6. Principal Applications
Gemini Embedding 2 is intended as a foundation for varied downstream applications:
- Retrieval-Augmented Generation (RAG): Enables indexing and retrieval over text, figures, PDFs, and slides. Multimodal embedding supports direct search with text/image queries and eliminates the need for separate OCR or captioning.
- Recommendation: Unified embeddings for items such as videos, podcasts, and multimodal recipes allow cross-modal similarity-based recommendation; signals from all modalities are fused in scoring.
- Semantic Search: Provides a single-model solution for vector search across text, documents, slides, recorded calls, user-generated images, and more.
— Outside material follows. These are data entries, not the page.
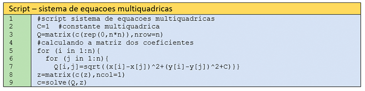 C é uma constante positiva e, segundo Franke (1982, p. 191), o método é bastante estável com relação à essa constante dando, consistentemente, bons resultados. Caso seja de interesse do Leitor, a teoria e aplicações da interpolação multiquádrica pode ser encontrada em Yamamoto (2020, p. 157-163).
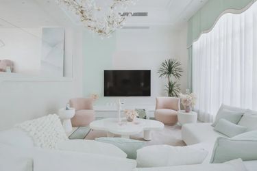 115㎡橘绿灰配色大两居,旋转电视架 大理石岛台,格调拉满!
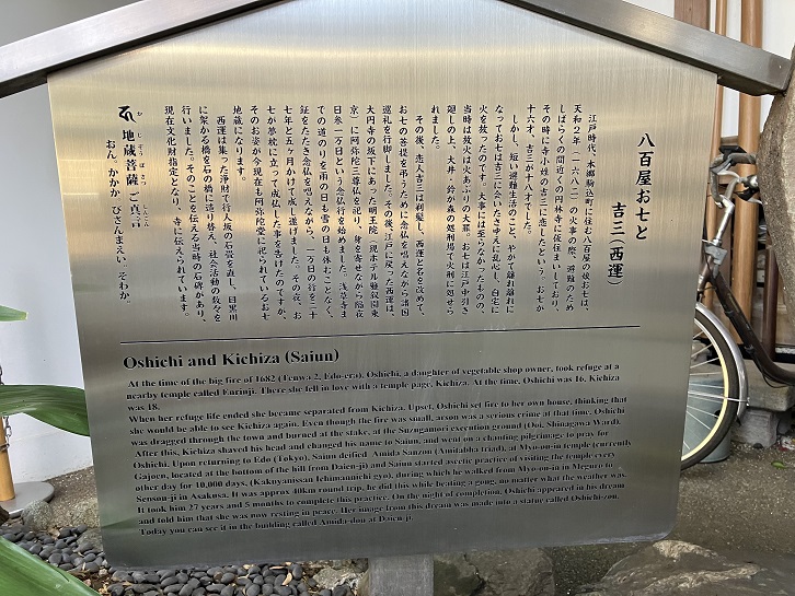 At the time of the big fire of 1682 (Tenwa 2, Edo-era), Oshichi, a daughter of vegetable shop owner, took refuge at a nearby temple called Enrinji. There she fell in love with a temple page, Kichiza. At the time, Oshichi was 16, Kichiza was 18.
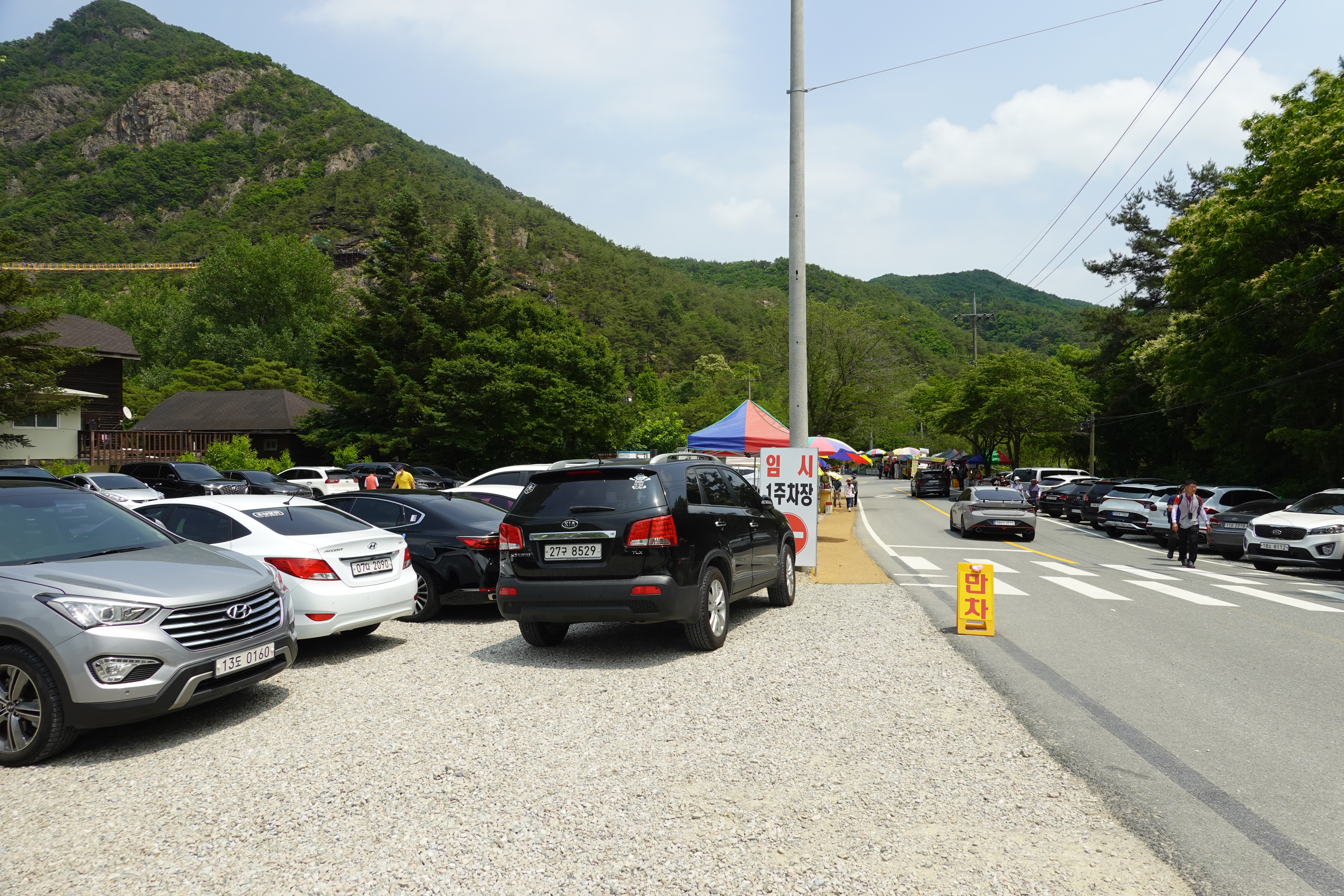 주차장이 비좁고 갓길에도 차량들이 가득
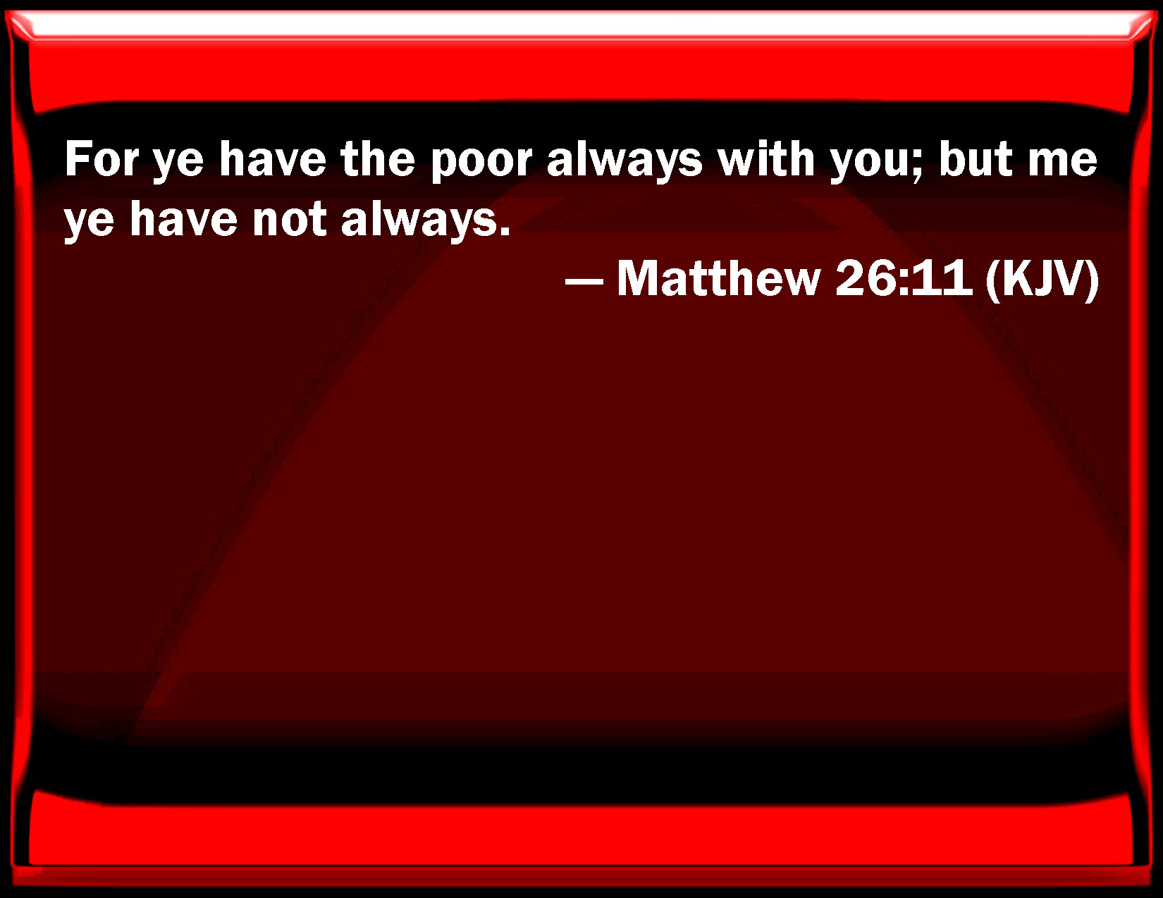 Matthew 26:11 For you have the poor always with you; but me you have not always.
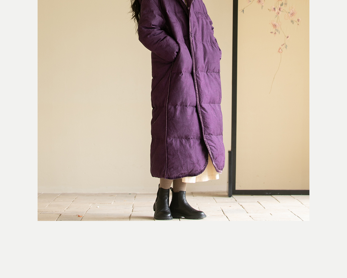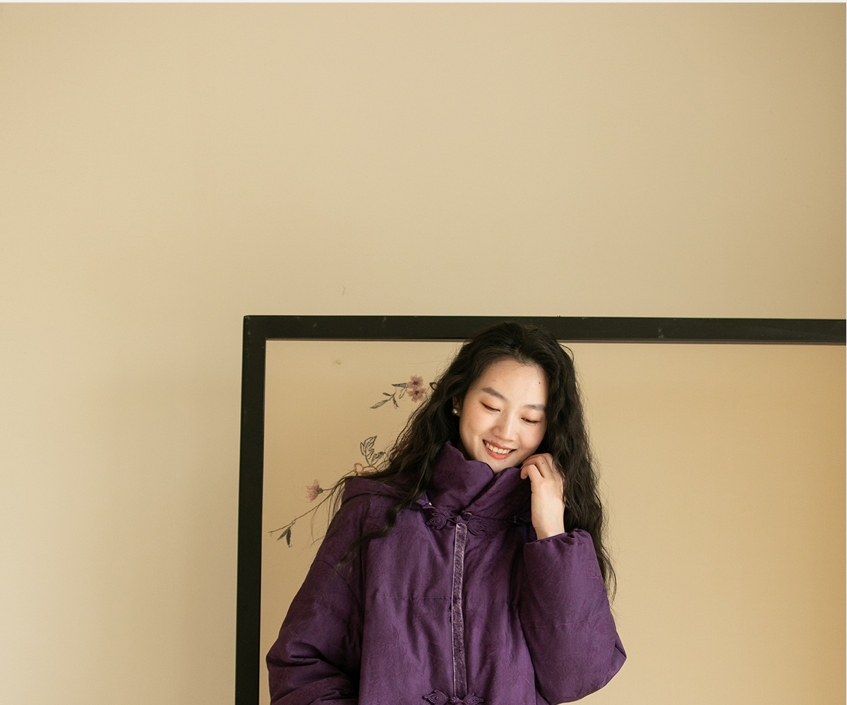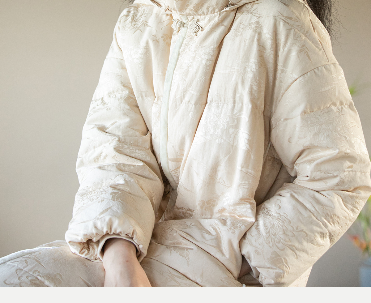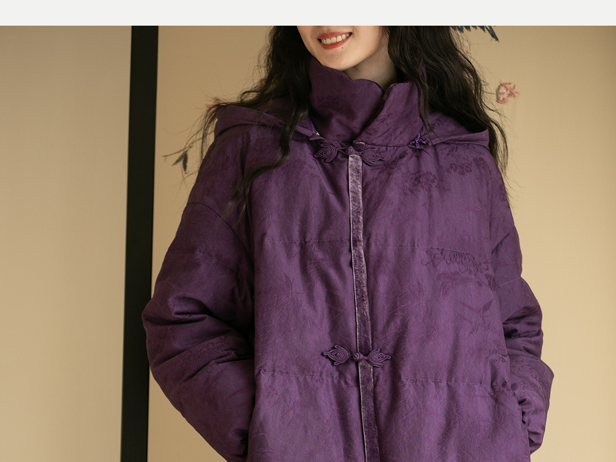 牧衣游原创炒色丝棉提花长羽绒服新款加厚抗寒蓬松保暖外套 梅花
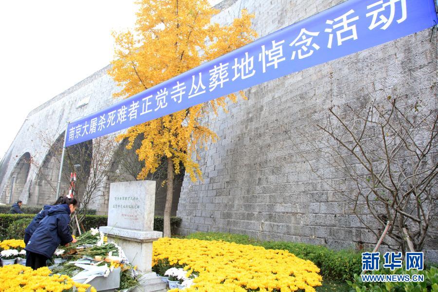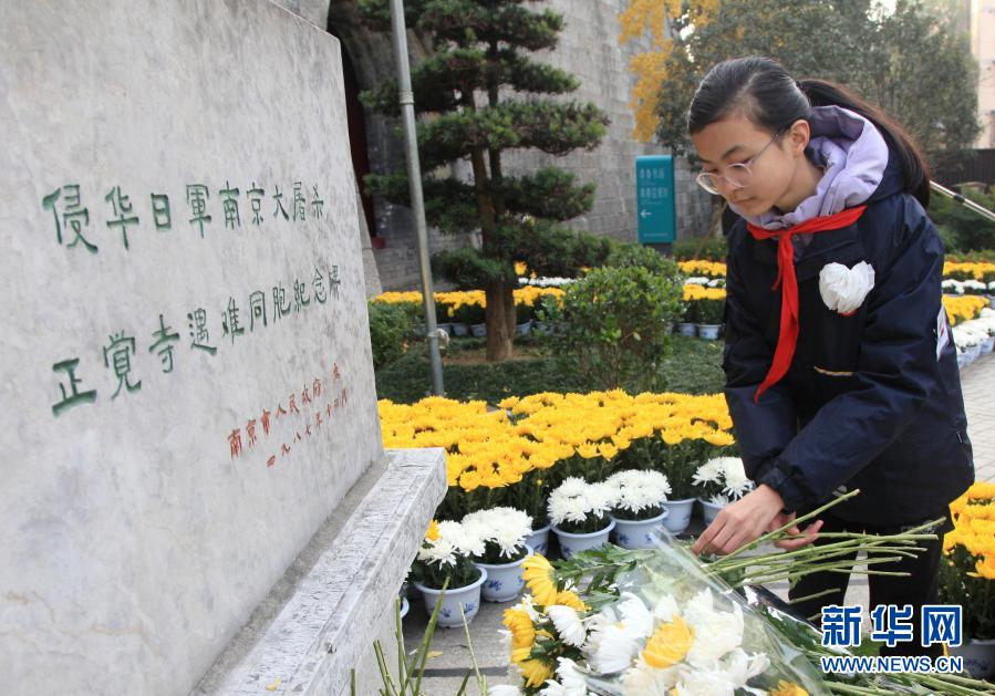 12月12日,在侵華日軍南京大屠殺死難同胞叢葬地(正覺寺),參加悼念活動的小學(xué)生向遇難同胞紀念碑獻花。新華社發(fā)(劉建華 攝)
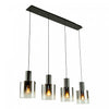 The "Henley" collection 4 light linear island chandelier features smoke type glassware, and black hardware suspended on wires.

Queries in any modality retrieve relevant multimodal results, and embeddings are served via vector databases including FAISS.
7. Limitations and Prospects for Further Development
Identified limitations include the storage and maintenance burden introduced by the model soup procedure and the remaining potential for incremental improvement via light in-domain fine-tuning. Compute demands for real-time, high-FPS video/audio indexing persist.
Future avenues for research include:
- Integration of ranking/data signals (e.g., click-through, dwell time) to optimize retrieval quality end-to-end.
- Joint fine-tuning of the embedding model and LLM-based generators for agentic, closed-loop RAG scenarios.
- Expanded evaluations with complex interleaved and conversational multimodal queries.
- Further optimization of inference latency, particularly for on-device and multi-modal settings.
Gemini Embedding 2 establishes a high-capacity, unified embedding framework with native multimodal support, state-of-the-art performance, robust domain generalization, and adaptability for major retrieval and recommendation tasks. Its training algorithm, architectural integration across modalities, and performance on comprehensive benchmarks mark it as a versatile resource for next-generation multimodal systems (Shanbhogue et al., 26 May 2026).